[[ Record set open ]]

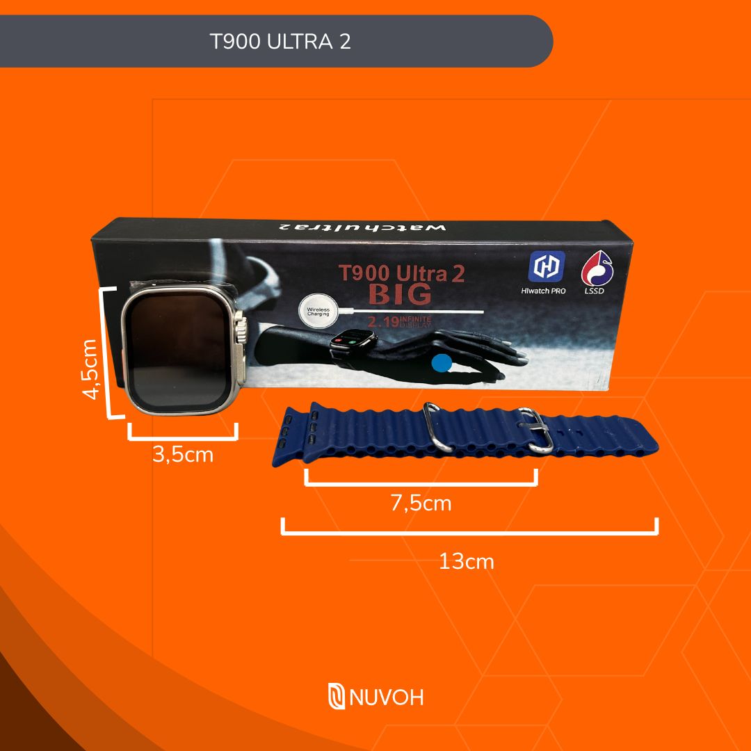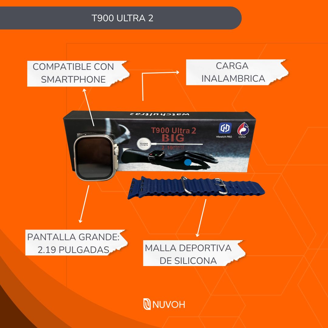 Incluye: Smart Watch T900 Ultra 2 BIG y cable de carga inalámbrica.
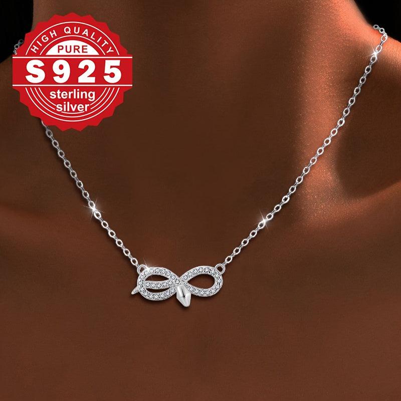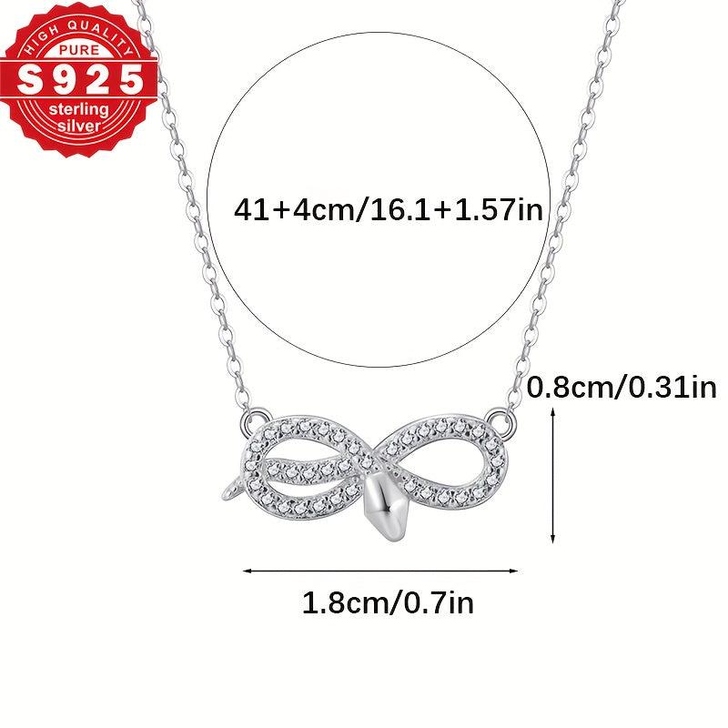 S925 Sterling Silver Women's Necklace with Snake Pendant & Zirconia
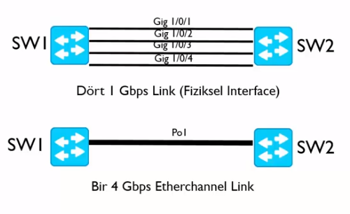 EtherChannel atau sering disebut juga port-channel adalah teknologi link aggregation pada switch cisco yang digunakan untuk mengkombinasikan banyak link fisik menjadi satu link logika untuk meningkatkan throughput dan redundancy apabila sebuah link rusak.
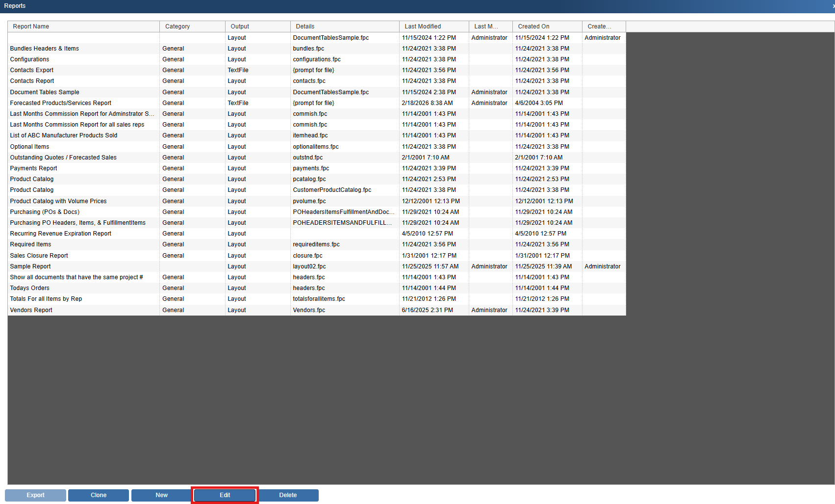 1) Highlight the report you would like to export to a CSV or Text file and click on the [Edit] button.
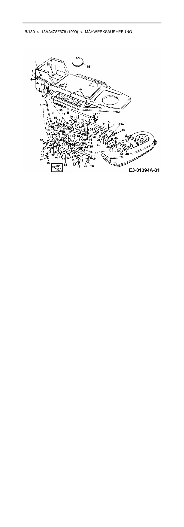 Download Ersatzteil-Zeichnung MTD B/130 Zeichnung Mähwerksaushebung (PDF-Format)
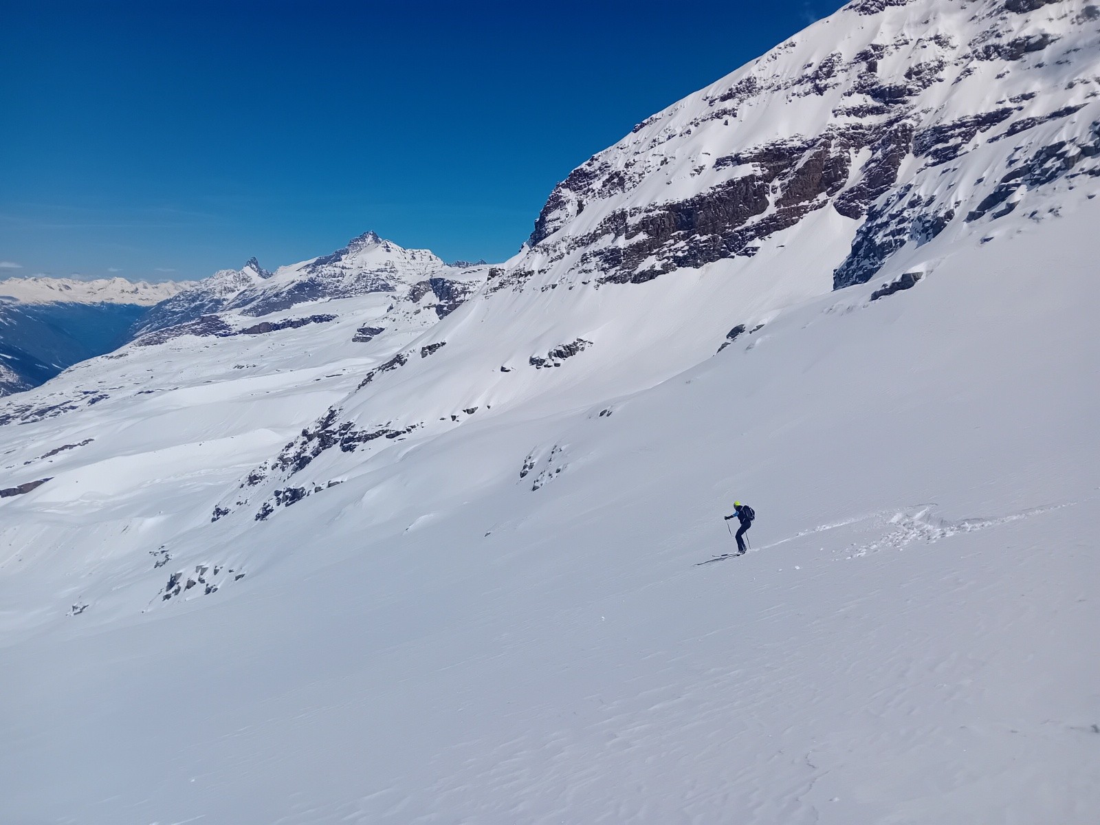 Traversée vers le fond du vallon : poudre tassée, croûte ou dure.
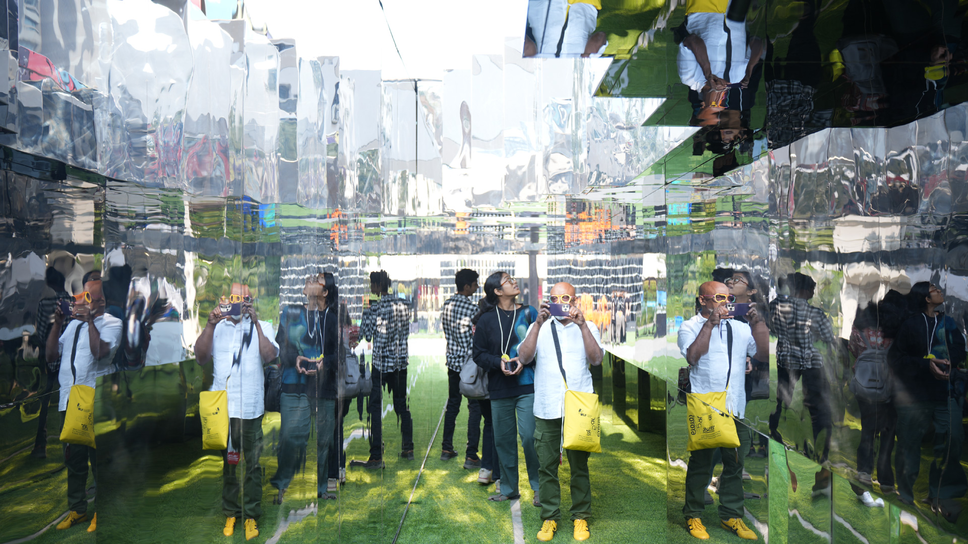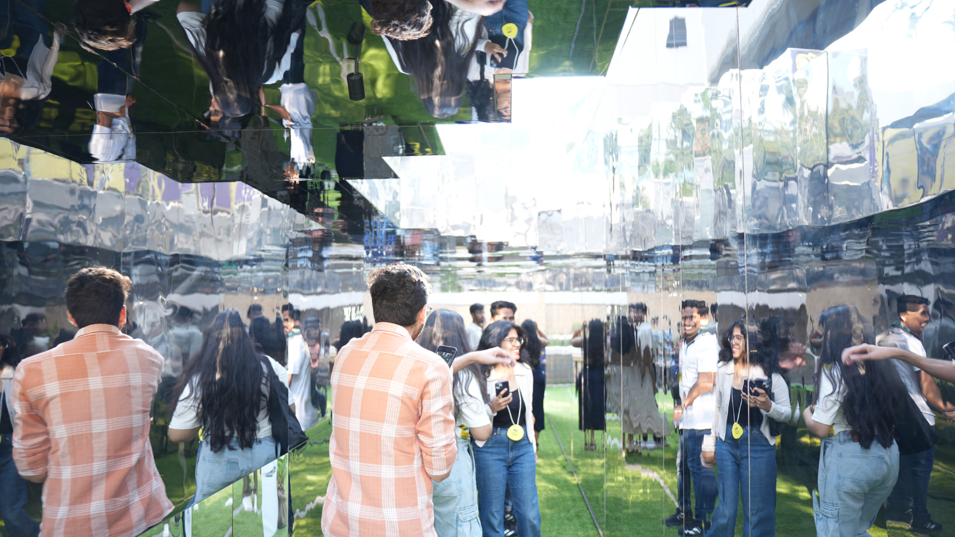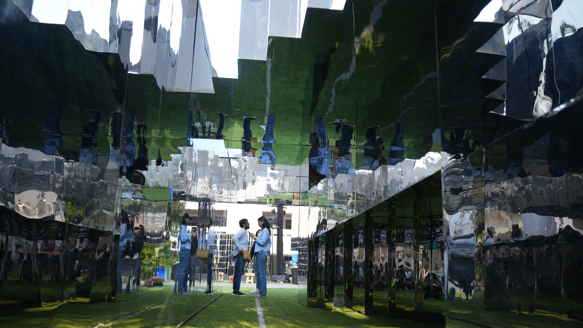 Conceived as a monolithic stainless steel structure with space folded unto itself and refracted ad infinitum, this peculiar mise-en-scene of the baoli becomes a stage for vivid fantasies. Plain steps reflected on fathomless mirrored planes—distinctions between the tangible and intangible blur as SHROFFLEóN, led by Maria I Jimenez-Leon and Kayzad R.Shroff, reflects on the sustainable, versatile materiality of stainless steel in collaboration with Jindal Stainless. The studio’s restraint in choosing this mono-material, from structure to cladding, opens avenues to explore details, joineries, finishes and the properties of a singular element—an experiment in stainless steel’s duplicitous simplicity, turning what was two-dimensional into multi-dimensions.

[[ Record set closed ]]

## Action item
Give exactly the lines above that run from the line with "EtherChannel atau sering" to the line with "Traversée vers le", both included, leaving every picture out.

## Answer for the task
 EtherChannel atau sering disebut juga port-channel adalah teknologi link aggregation pada switch cisco yang digunakan untuk mengkombinasikan banyak link fisik menjadi satu link logika untuk meningkatkan throughput dan redundancy apabila sebuah link rusak.
 1) Highlight the report you would like to export to a CSV or Text file and click on the [Edit] button.
 Download Ersatzteil-Zeichnung MTD B/130 Zeichnung Mähwerksaushebung (PDF-Format)
 Traversée vers le fond du vallon : poudre tassée, croûte ou dure.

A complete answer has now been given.